Throughout that 1981 series he was magnificent but while it’s nice to pick certain games and performances, throughout his career he just produced.
What people sometimes forget about Botham was that he bowled quick, he was really sharp. He also swung the ball both ways and had the ability to get big wickets when he bowled, on flat wickets, too.
When you see people taking five-wicket hauls in India now, they forget that Ian Botham did that all those years ago, bowling with enormous strength, enormous energy, enormous skill.
Whenever I played against him, I wanted to get him out!
I remember a game playing for Derbyshire against Worcestershire when I was on a hat-trick – I’d got Tim Curtis and Graeme Hick out so Ian came in. I wanted to show him what I was all about.
Instead of bowling full, I bowled a bouncer. I remember him saying to me after the game: ‘Don’t worry about who the person is, just remember what you do well and aim for the stumps.’
My ODI debut, against Pakistan in 1992, turned out to be his last game. I didn’t realise I was going to make my debut, I only got picked because Chris Lewis had toothache!
When I was in the changing room with him, he was amazing, a real character.
I remember when we had a team meeting the day before the game and he got bored, feeling it had gone on too long, so he took the pen off Micky Stewart and said: ‘I’ll get him out, him out, him out. Phil DeFreitas will get a couple of wickets. Job done!’ Next day, we won the game.
He also made that second slip position his own. He would always want to be in front of the wicketkeeper. He was an unorthodox slip in that his hands were on his knees quite a lot but his reactions were superb.
He always wanted the ball to come to him – he wasn’t frightened to drop the ball every now and again, although that rarely happened. He always wanted to be in the game.
I was similar in that respect. When people thought of me, I wanted them to remember that whenever I was thrown the ball, whatever the temperature, whatever the surface, and with the bat, too, that I could make a difference. And if that meant getting under people’s noses, so be it.

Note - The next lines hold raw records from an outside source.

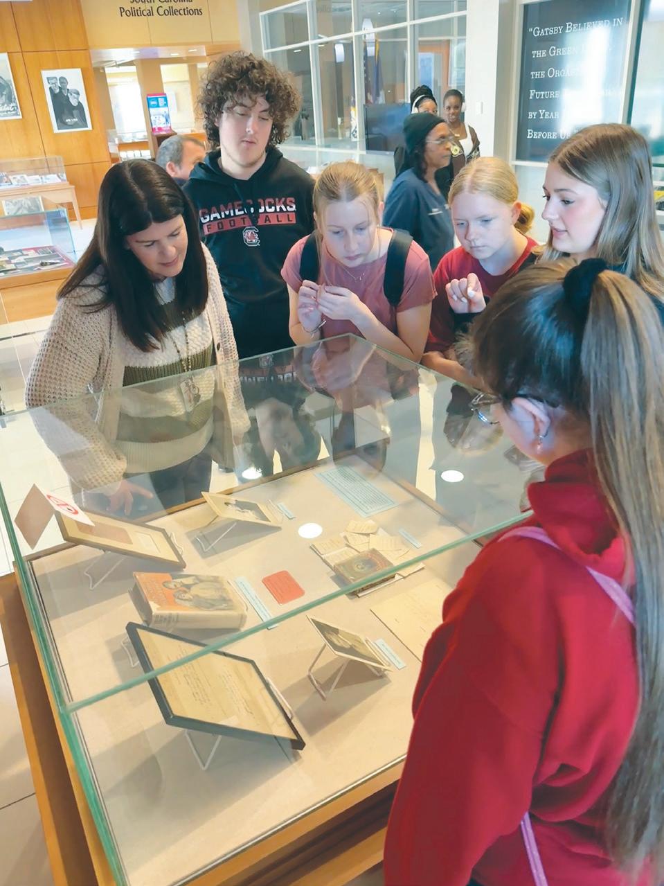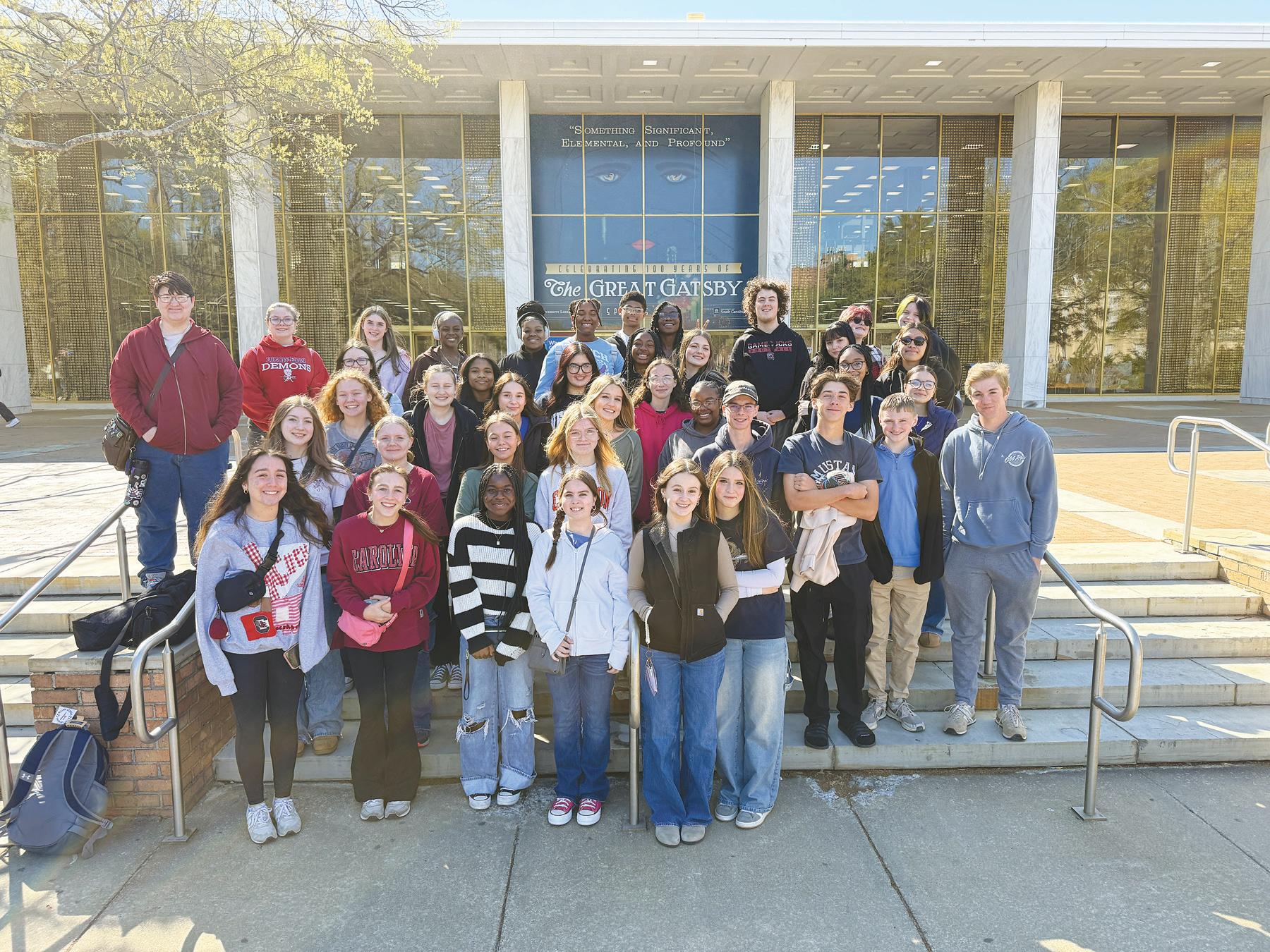 English teachers Wendy Mullis and Jenny Proctor recently took English classes on a fascinating field trip to the University of South Carolina’s Thomas Cooper Library, where they explored The Great Gatsby exhibit at the Irvin Department of Rare Books & Special Collec tions.
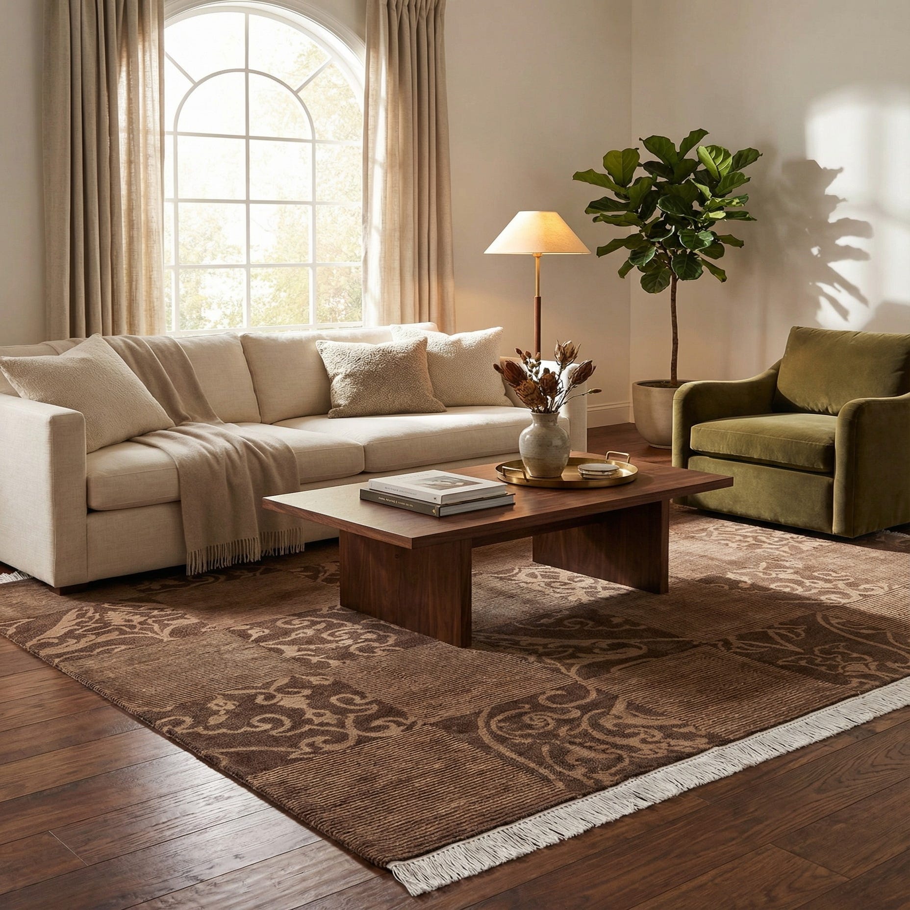 Primary color is Chocolate Brown. Colors in this rug include: Chocolate Brown, Brown, Light Brown.
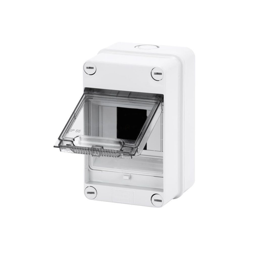 Kiselosztó falonkívüli 1soros, 4 modulos átlátszó ajtóval IP55 sín nélkül, 1000V DC, UV-álló GW40001
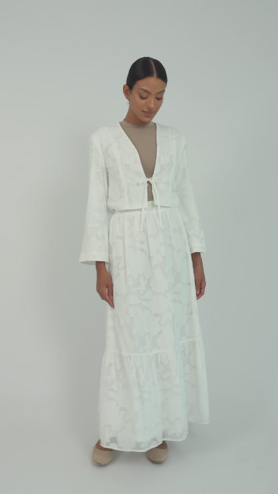 Floral Cut Out Cropped Cardigan and Skirt Set
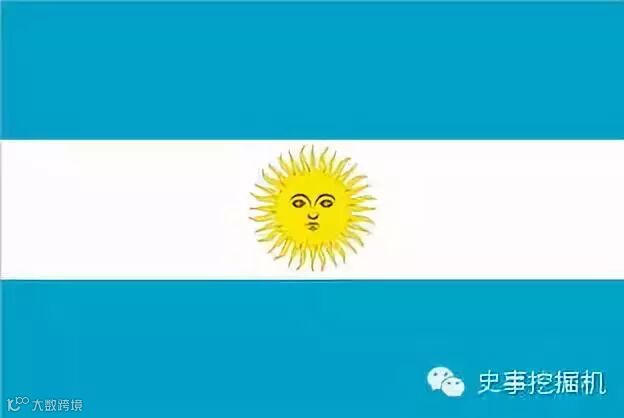 阿根廷国旗:天蓝色象征正义,白色象征信念,纯洁,正直和高尚。白色中间是“五月的太阳”,象征自由和未来。
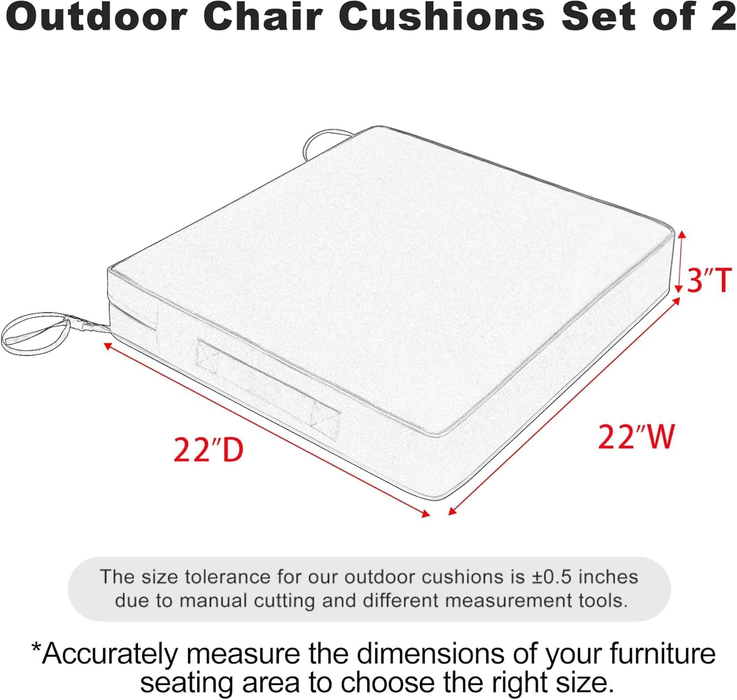 Size Selection - Including 2 outdoor chair cushions measuring 22” W x 22” D x 3” T ( The size description is only for the cushion size, accurately measuring the dimensions of your furniture's seating area before purchasing, make sure the cushion size fits your furniture ). Vacuum-packed cushion needs 48hrs to expand with ±0.5" tolerance from hand-cutting.
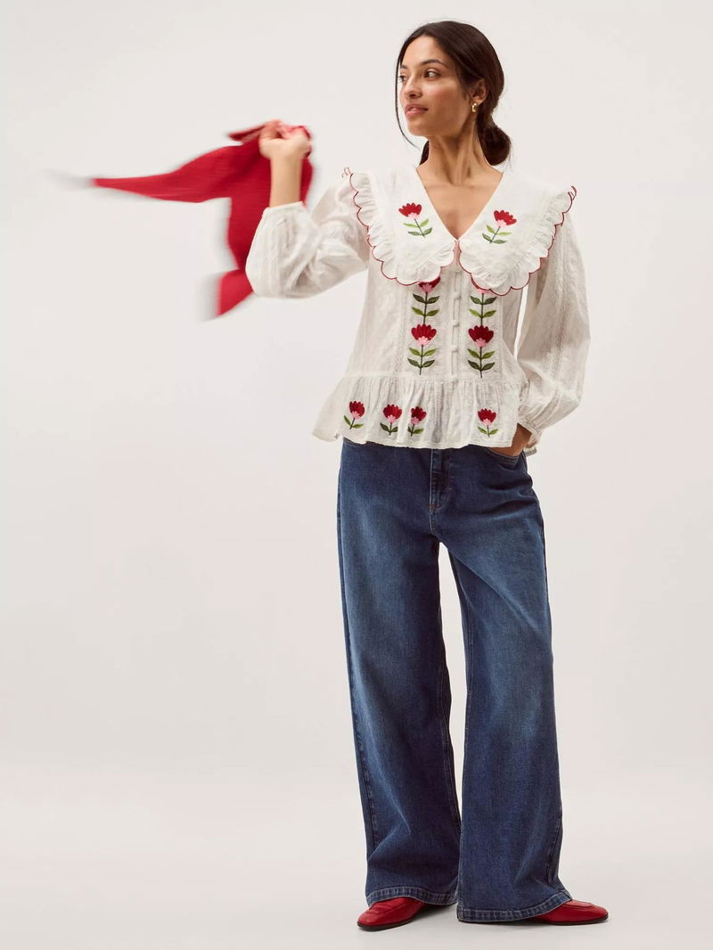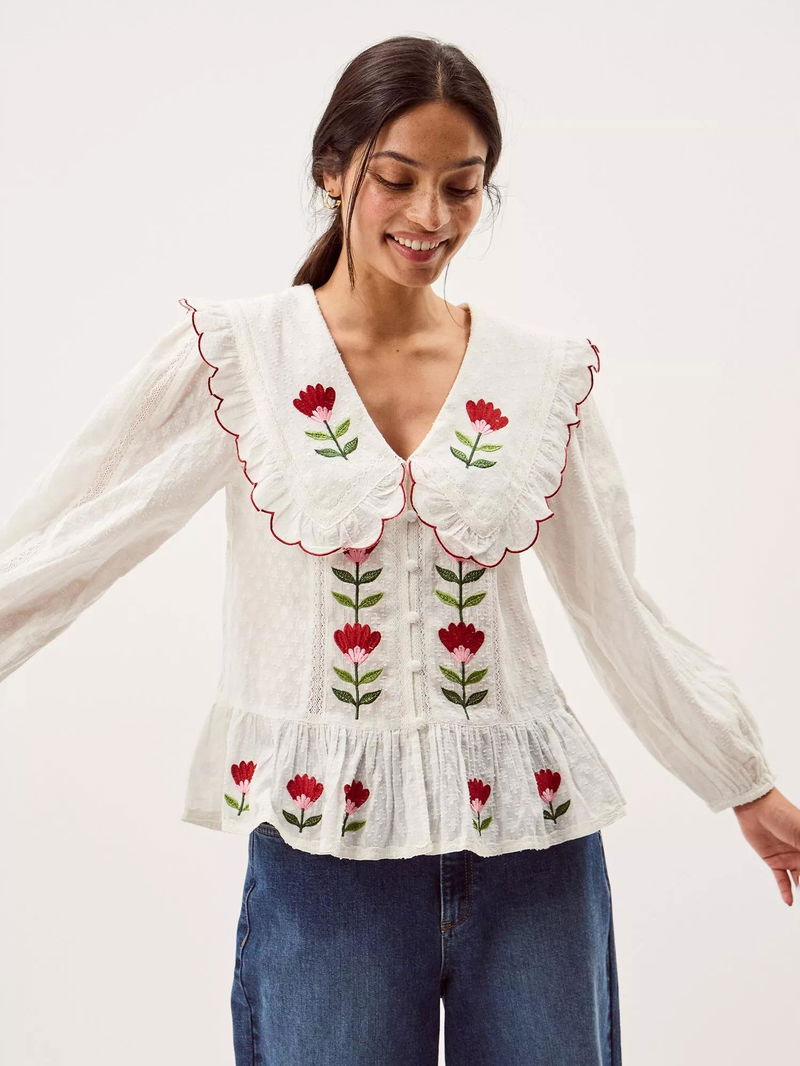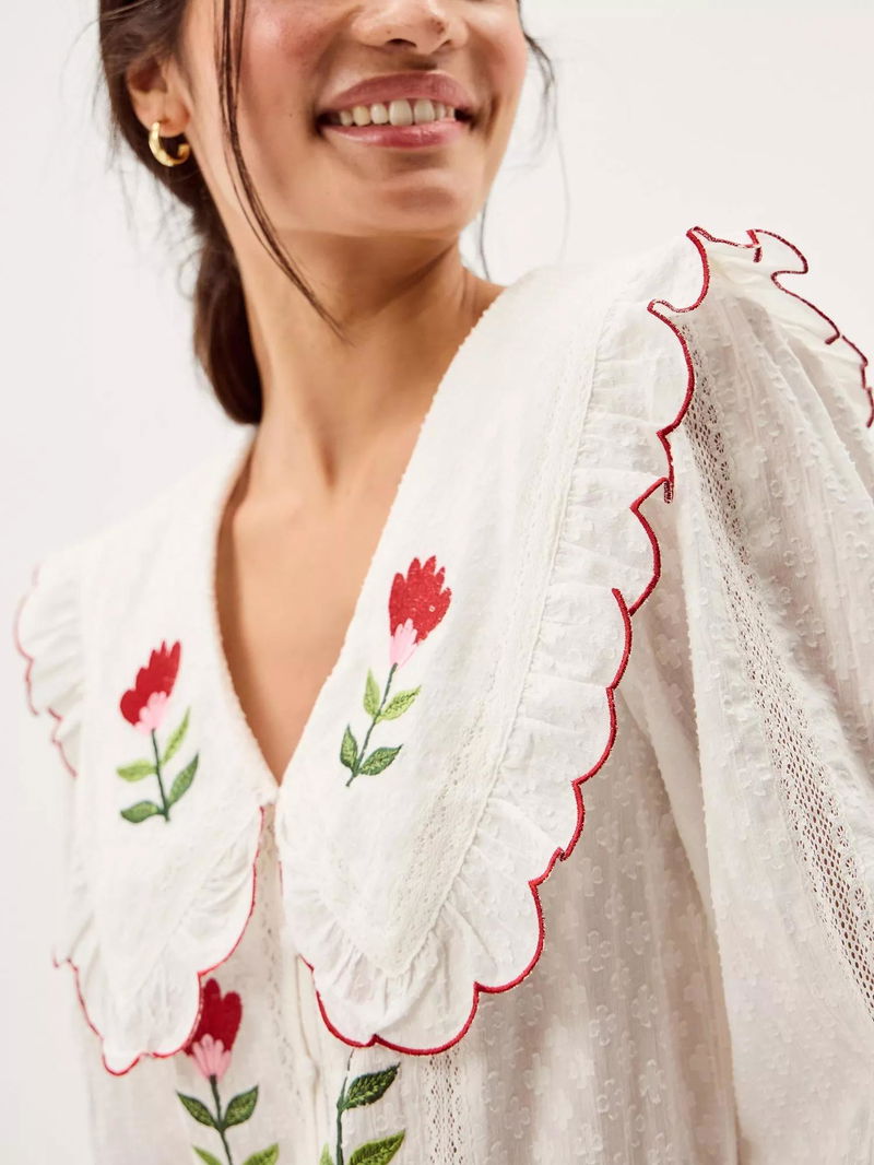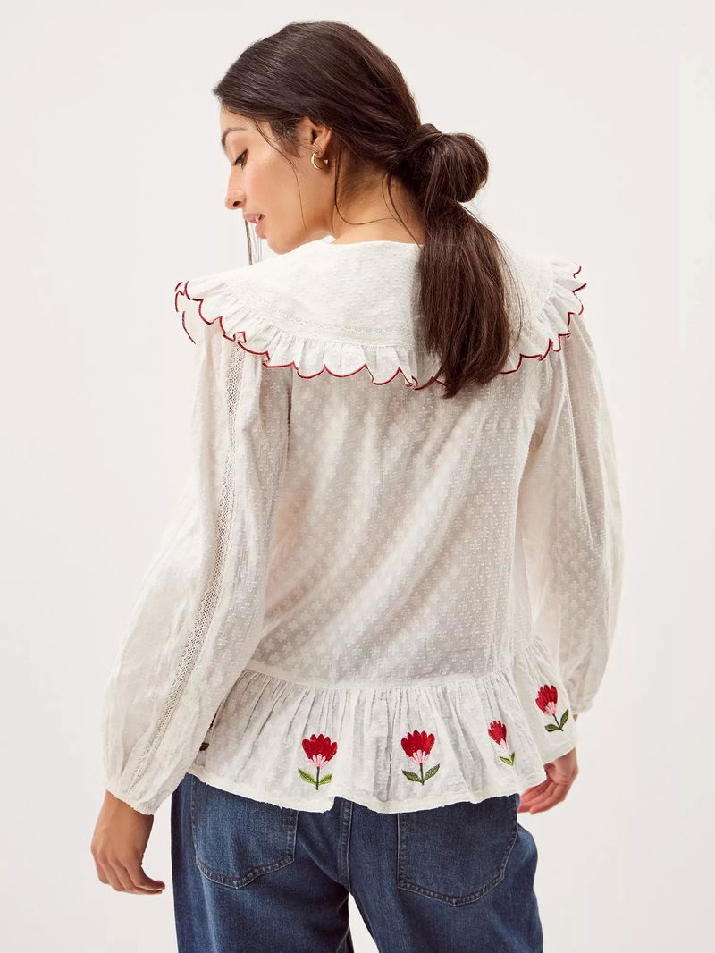 Talia Embroidered Tulip Top, White/Multi

That came from watching someone like Beefy, who believed he was the best all the time. Every time he was written off, every time things were written about him, he seemed to have an answer.
I struggled after getting seven wickets on my Test debut against West Indies, with the press building me up as the next Ian Botham. I went to play a game for Derbyshire at March Town Cricket Club in Cambridgeshire the next day and I had to leave the field!
So, for the media attention Beefy got – the circus he had to deal with, taking over the captaincy – and to still be able to produce what he did on the pitch shows the mental strength he had.
We also mustn’t forget what he has done for charity off the pitch and how he looks after people. He is a really exuberant person but a really caring person as well.
I remember he invited me up to his house when I was having a tough time and couldn’t play. I didn’t go as I didn’t feel it was the right time for me, although perhaps in hindsight I should have done.
In terms of other heroes, I would also have to say my late father. He played a bit of semi-professional football and a bit of cricket and was a real in-your face character. He always told me to go out there and give it my all.
On the field, other than Beefy, there was Viv, and I also loved the all-rounders like Richard Hadlee and Imran Khan. I wanted to be a genuine all-rounder, too, rather than the bowler who batted a bit, like I actually was.
Domestically, I can’t go any further than my old Derbyshire captain Kim Barnett.
He looked after me so well as I went from young YTS who travelled every day on the train from Stoke being paid £27.50 a week to going into professional cricket.
He kept me grounded and made me become a stronger person physically and mentally, so that I was the finished article when I hit first-class cricket, had the longevity to play until I was 40, and went on to play international cricket for England.
Kim, and my coaches Phil Russell and Alan Hill, gave me the platform to have a successful career. I have fond memories of them.
And, of course, watching Ian Botham.